Wilson's a big fan too of course, and describes his role as a dream gig. "It's really cool, Daniel's given me the gift of being kind of a musical director, and when things work great, it's just so awesome, I'll get smiles from both of them. They give me total freedom, I don't copy what's on the record, Daniel wants the right feel. And before I met Emmylou, I didn't realized how great a rhythm guitar player she is. I always feel like she's the real deal." Plus, Harris and Lanois have no ego when it comes to the musicians. Wilson gets full billing on all the posters and ads for the concerts, as does drummer Steven Nistor.
"That first happened in Nashville," says Wilson about the billing. I got there, and there were posters everywhere, with my name on it. It's really nice that she gives us all this opportunity. It's so cool, and such a great opportunity. It's in all the newspapers here in L.A.., I'm getting all these texts and congratulations, I'm really honoured. My dad's thrilled, because he's a big country fan. Every time I hear Emmylou say my name, 'good morning Jim,' it's such a thrill. She's so nice, she had us over to dinner at her house, just sitting around, I got to see her pictures of Gram Parsons, so amazing."
Wilson's name is getting around these days. The former record store clerk got a big break when he handed a disc of his band Mother Superior to customer Henry Rollins. He loved it, bringing them in eventually as the new players in Rollins Band, plus using Mother Superior as an opening act. "We gained a European audience," says Wilson, "a big fan base in Spain, and then Lanois saw the group play at LA's Troubadour, came back stage and said hi, and he really felt it. I talked to him at the parking lot after, he was on his motorcycle, and we said to stay in touch. A couple of weeks later we were invited to his house. For awhile we doing both, playing with Daniel and Henry, and finally Henry just felt like he'd had enough."

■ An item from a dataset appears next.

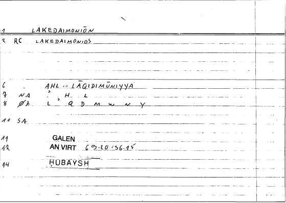 | Lexeme | Λακεδαιμόνιος | أهل |

Since then Wilson's made his own solo album, and been on-call for whatever Lanois has going. He's toured with the classic band Sparks, and does production work as well, his latest project the new album coming out soon for Pearl Aday, daughter of one Meatloaf (Marvin Lee Aday). He also has his beloved on-line vinyl radio show, Deep Nuggets once a week. But another major development just happened, and it's a blast from the past. It seems Mother Superior still has lots of famous fans, including Scott Ian, the singer for Anthrax. For his birthday, Superior freak Ian asked Wilson to come and play in an ad-hoc band featuring friends Joey Vera from Armored Saint and drummer John Tempesta of The Cult, all huge Mother Superior fans. It turned out such a blast, they've been given a record deal from Metal Blade to bring back Mother Superior.
But for the next month, he's riding the Wrecking Ball, and paying tribute to an album he loves. "It's going to be fun taking it around the world," Wilson says. The re-issue of Wrecking Ball is out Tuesday, April 8 on Nonesuch Records.